USS Edsall (DE-129)

For other ships with the same name, see USS Edsall.
History
United States
Namesake: Norman Edsall
Builder: Consolidated Steel Corporation, Orange, Texas
Laid down: 2 July 1942
Launched: 1 November 1942
Commissioned: 10 April 1943
Decommissioned: 11 June 1946
Struck: 1 June 1968
Fate:
  • Sold for scrap,
  • July 1969
General characteristics
Class and type: Edsall-class destroyer escort
Displacement:
  • 1,590 tons full,
  • 1,200 tons standard
Length: 306 ft (93 m) overall
Beam: 36 ft 7 in (11.15 m)
Draught: 12 ft 3 in (3.73 m) ax
Propulsion:
Speed: 21 knots (39 km/h)
Range:
  • 9,100 nmi. at 12 knots
  • (17,000 km at 22 km/h)
Complement: 8 officers, 201 enlisted
Armament:

USS Edsall (DE-129) was the lead ship of her class of destroyer escort in the United States Navy. She was the second Navy ship named in honor of Seaman Norman Edsall (1873–1899).
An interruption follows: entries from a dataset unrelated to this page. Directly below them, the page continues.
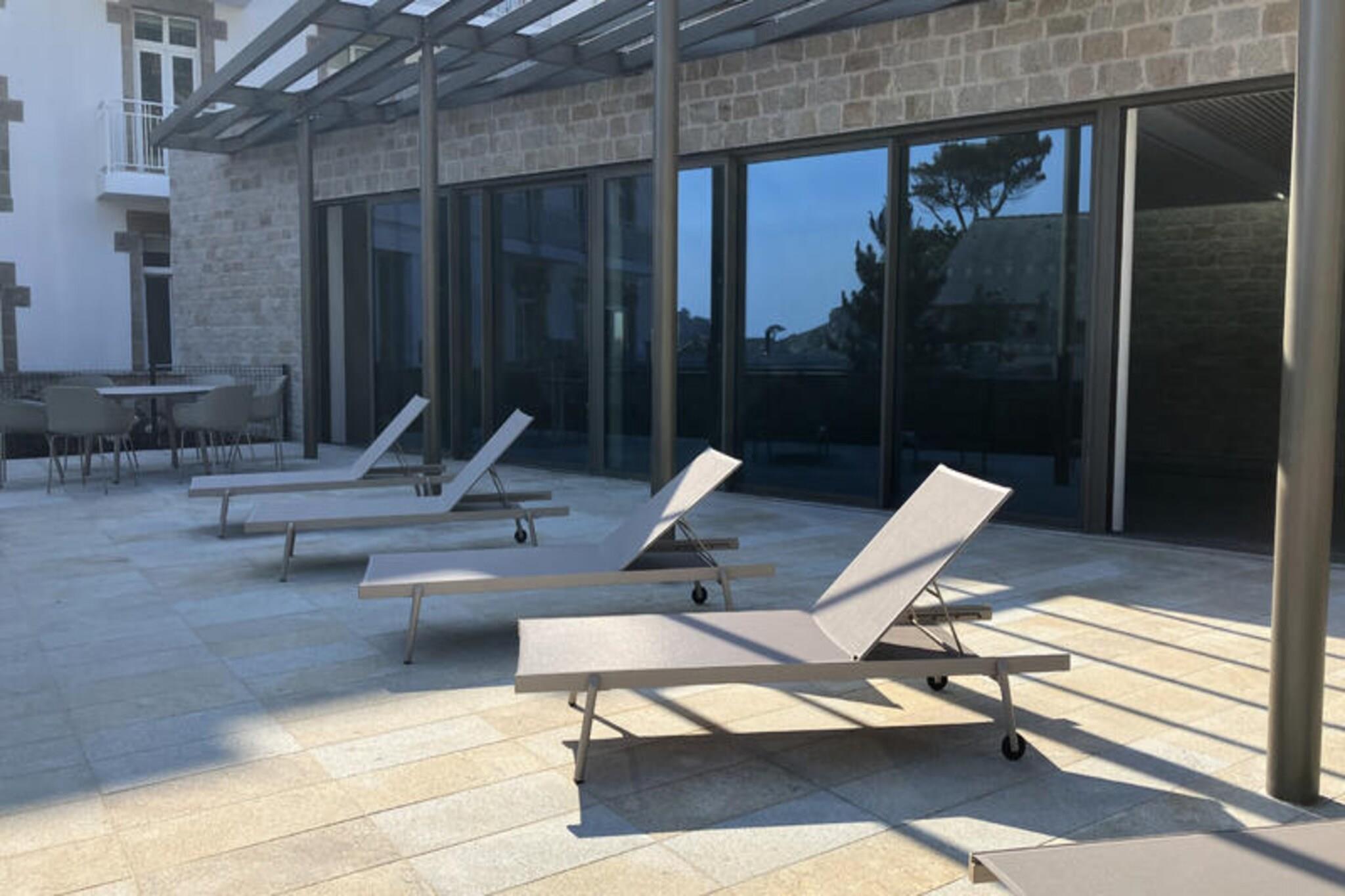 Välkommen till Philippe Joppé Residence: Upptäck charmen med Résidence Philippe Joppé, en plats där komfort och lugn möts. Beläget i Trébeurden, på Côte de Granit Rose, erbjuder vårt residens dig en rymlig och elegant lägenhet på 70 m², som heter LE TOENNO. Utrustad med ett stort vardagsrum, ett fullt utrustat kök med en Nespresso-maskin, ett bekvämt vardagsrum och en terrass som vetter mot havet, kommer du att njuta av en hisnande utsikt över Tresmeur-stranden och solnedgångarna. spektakulärt solsken på Milliau Island. Med en året runt uppvärmd pool och moderna faciliteter kommer du att uppleva en oförglömlig vistelse. Miljö och idealiskt läge: Résidence Philippe Joppé är idealiskt beläget i slutet av Tresmeur-stranden för mer lugn. Du kommer att ha direkt tillgång till stranden och kommer att vara nära många kända restauranger som Ty Al Lannec och Lan Kerrelec, inom gångavstånd. Residenset ligger också nära småbåtshamnen och lokala bekvämligheter, och erbjuder en mängd aktiviteter för alla smaker. Du kan släppa av dina barn vid seglarskolan på en fem minuters promenad och utforska de magnifika kustlederna, inklusive GR34 med Pointe de Bihit som den första vandringsplatsen som avgår från residenset. Observera: Vår bostad är säker och helt inhägnad, med säker parkering och en laddstation för elfordon. För din bekvämlighet tillhandahåller vi ett pingisbord, en tvättmaskin/torktumlare och modern utrustning. Lägenheten har ett sovrum med dusch, ett andra sovrum med badkar och en separat toalett. I priset ingår städavgifter, lakan och handdukar, så att du kan resa lätt och njuta fullt ut av din vistelse. Designat av den berömda arkitektbyrån Wilmotte & Associés, är detta boende badat i ljus en fridfull oas där varje detalj är tänkt för ditt välbefinnande. Vi respekterar alla säkerhets- och hygienåtgärder för att garantera en trevlig och bekymmersfri vistelse.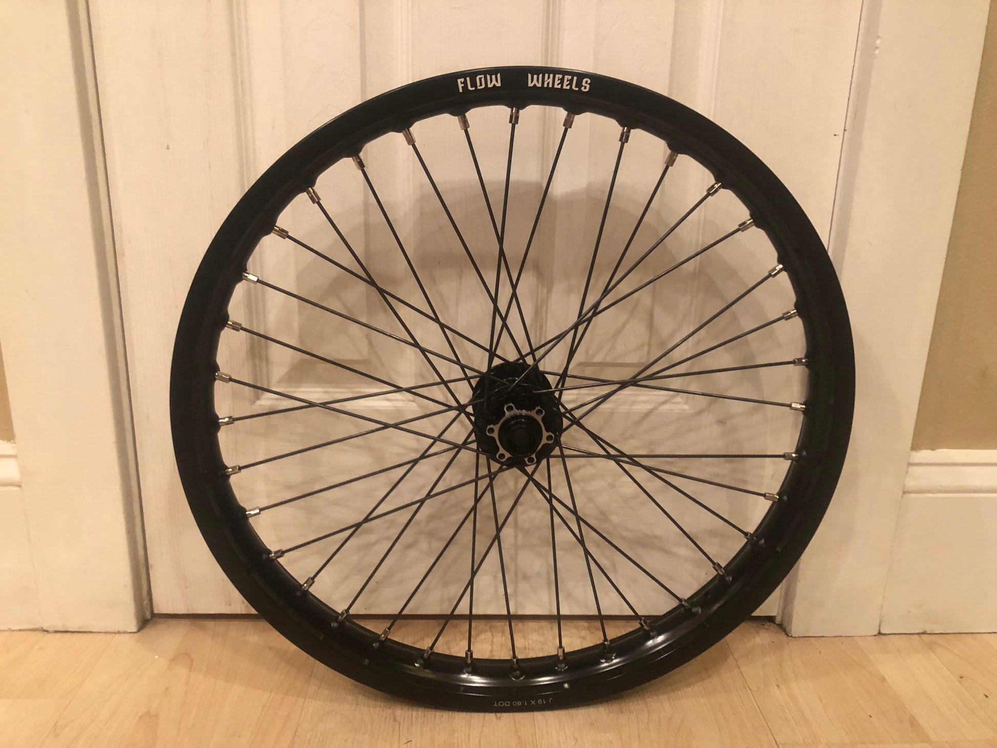 This front set up is a major compliment to the 16" rear whel set up. Free shipping in continental USA. Plug and play on all Surron forks. This is a unique wheel build. The stock Surron Segway front wheel is made from low quality aluminum and is a skinny 1.45" wide. This rim is high quality FlowWheels 7000 series aluminum and is a solid 1.60" wide. Thats the width of a 21" rim so this gives the rider a much more planted feel. A must for those already running a 16" rear wheel setup.  These only come with black spoke nipples. The Dunlop MX34 is too wide for a RST fork. However, if you have the RST fork I can mount a Bridgestone Motocross M203 70/100x19. It's much skinnier than the mx-34 so it will fit the rst fork. Spokes are 12g stainless. Feel free to ask any questions. Thanks!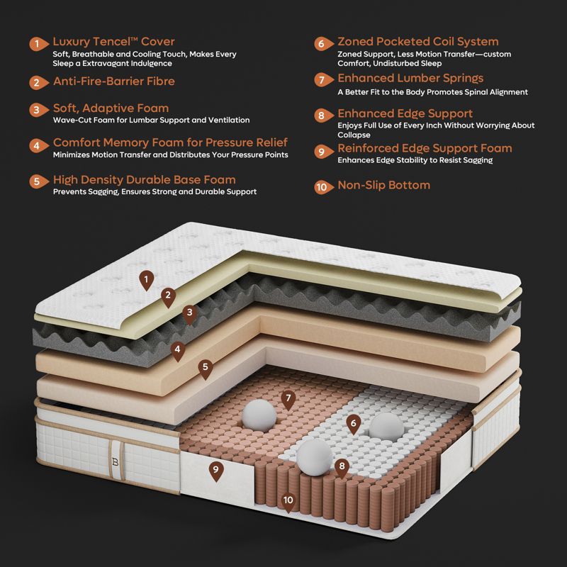 10 inch Full Size Tencel Medium Hybrid Mattress, Plush Layer and Cooling Gel Memory Foam Mattress in a Box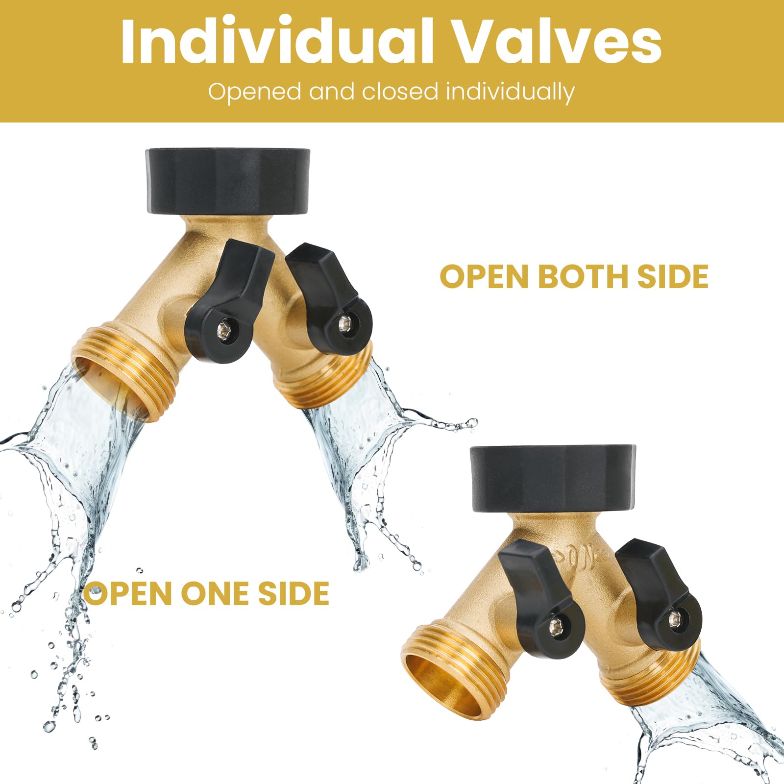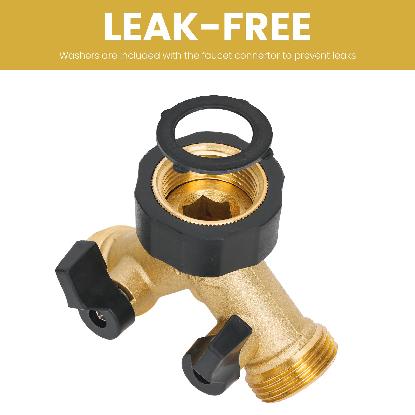 LEAK-PROOF WATER HOSE SPLITTER DESIGN:This brass water hose splitter uses rubber washers and precise threading for a leak-proof seal, making it a reliable hose splitter even under high water pressure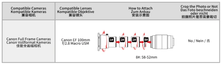 It can be used to photograph 35mm film and is compatible with the following select CAN., NIK., SON., Laowa and OLY. lenses 1:

Edsall was laid down by the Consolidated Steel Corporation at Orange, Texas on 2 July 1942; launched 1 November 1942; sponsored by Mrs. Bessie Edsall Bracey, sister of Seaman Edsall; and commissioned 10 April 1943, with Lieutenant Commander E. C. Woodward in command.

History

Edsall was a schoolship at Norfolk, 20 June to 6 August 1943, for pre-commissioning crews of escort vessels, then served at Miami with the Submarine Chaser Training Center. In March 1944, she joined a tanker convoy at Galveston, Texas, assigned to Escort Division 59, whose flagship she became 24 March. Edsall continued escort duty from the Gulf of Mexico to New York City and Norfolk, and with one convoy to NS Argentia, Newfoundland. In May, she sailed to Bermuda for antisubmarine warfare tests using a captured Italian submarine.

Between 1 July 1944 and 3 June 1945, she ranged Atlantic sealanes guarding seven convoys carrying the very lifeblood to the Mediterranean and Britain. While escorting the sixth convoy en route to New York from Liverpool on 10 April 1945, Edsall along with other escorts were quick to come to the assistance of two tankers in the convoy who had collided. Edsall searched for survivors and helped extinguish fires which broke out.

Edsall sailed for the Pacific on 24 June 1945, but World War II ended while she was training at Pearl Harbor, and she returned East. She was placed out of commission in reserve at Green Cove Springs, Florida, on 11 June 1946.

Edsall was stricken from the Naval Vessel Register on 1 June 1968, and sold for scrap in July 1969.